If you need to do zero-downtime schema changes, you could also re-create the collection fully with the updated schema and use the Collection Alias feature to do a zero-downtime switch over to the new collection:

Let's say you have a collection called movies_jan_1 that you want to change the schema for.

  1. First create an alias pointing to your collection. For eg: create an alias called movies pointing to movies_jan_1. Use this collection alias in your application to search / index documents in your collection.
  2. Create a new timestamped collection with the updated collection schema. For eg: movies_feb_1.
  3. In your application, temporarily write to both the old collection and also to the new collection in parallel - essentially dual writes. Eg: Send writes both to the movies_jan_1 collection and also to the new movies_feb_1 collection.
  4. Now, upsert the data from your primary database into the new collection. Eg movies_feb_1.
  5. Update the collection alias to now point to the new collection. Eg: Update movies to now point to movies_feb_1.
  6. Stop your application from sending writes to the old collection and drop the old collection, movies_jan_1 in our example.

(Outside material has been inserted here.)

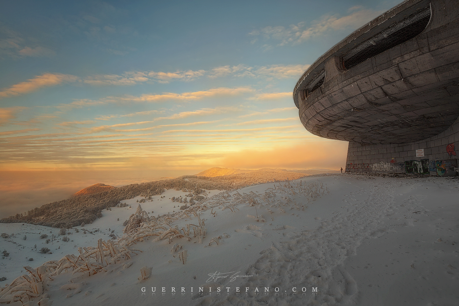 Durante la creazione di un time lapse a Buzludzha ho avuto la fortuna di scattare qualche immagine in presenza di una persona che, ignara di essere elemento chiave della mia inquadratura, si è fermata a guardare il tramonto da uno dei punti panoramici che circondano questo monumento.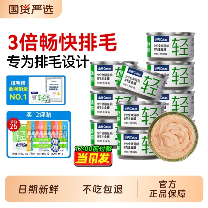 小壳罐头排毛猫咪主食零食车前子化毛功能湿粮主粮温和排毛猫罐头

Once you update the alias, any search / indexing operations will go to the new collection (eg: movies_feb_1) without you having to do any additional application-side changes.

# Dynamic field additions

If you only need to add new fields to the schema on the fly, we recommend using auto-schema detection when creating the collection. You can essentially define RegEx field names and when documents containing new field names that match the RegEx come in, the new fields will automatically be added to the schema.